Surprisingly you can not specify this for the output. Are you sure yours is displaying the one-tailed test? The example below (and this is using version 19) is displaying the two-tailed test as the default for me.

data list free / v1 v2.
begin data
1 10
2 12
3 14
4 19
end data.

REGRESSION
/MISSING LISTWISE
/STATISTICS COEFF OUTS R ANOVA
/CRITERIA=PIN(.05) POUT(.10)
/NOORIGIN
/DEPENDENT v1
/METHOD=ENTER v2.


This produces the table of coefficient estimates below;

So I have two degrees of freedom for the t-test (since I estimated two parameters, v2 and the intercept), and an estimate of 5.581. Looking at the t-test table on wikipedia you can see a t-value of 5.581 for a two-tailed test would produce a p-value somewhere in between .02 and .05 (that table is slightly odd compared to most t-tables, and 100 minus the percentage produces the p-value of interest). You should also notice from that table that the p-value's associated with one-tailed tests are simply the p-value of the two-tailed test divided by two.

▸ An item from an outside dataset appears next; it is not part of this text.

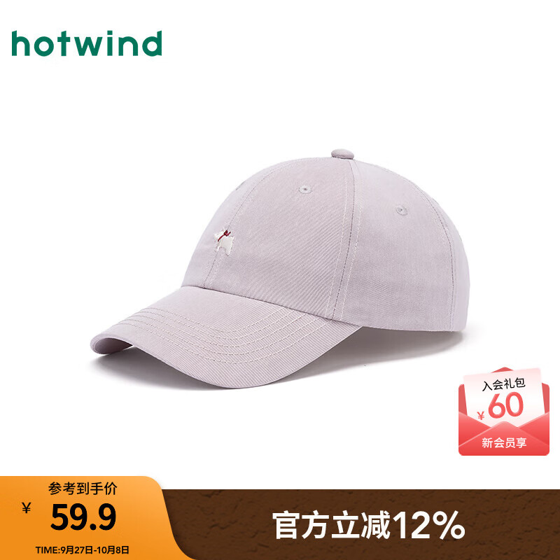 热风【商场同款】女士棒球帽25年秋新款可爱小狗棒球帽字母刺绣鸭舌帽 93浅紫 均码

So even though SPSS does not give the option to change whether you use a one tailed or two tailed test, it is fairly trivial to do do the calculation yourself. (A more exact two-tailed p-value from this online calculator suggests it is .0306, which is rounded up in the table below)

So if you wanted to go from the two-tailed test to the one-tailed test, you would just divide the p-value by 2. Conversely if you wanted to go from a one-tailed test to a two-tailed test, you would just multiple the p-value by 2.

There are no one-tailed tests on coefficients from Regression except, of course, that an F test is always one tailed.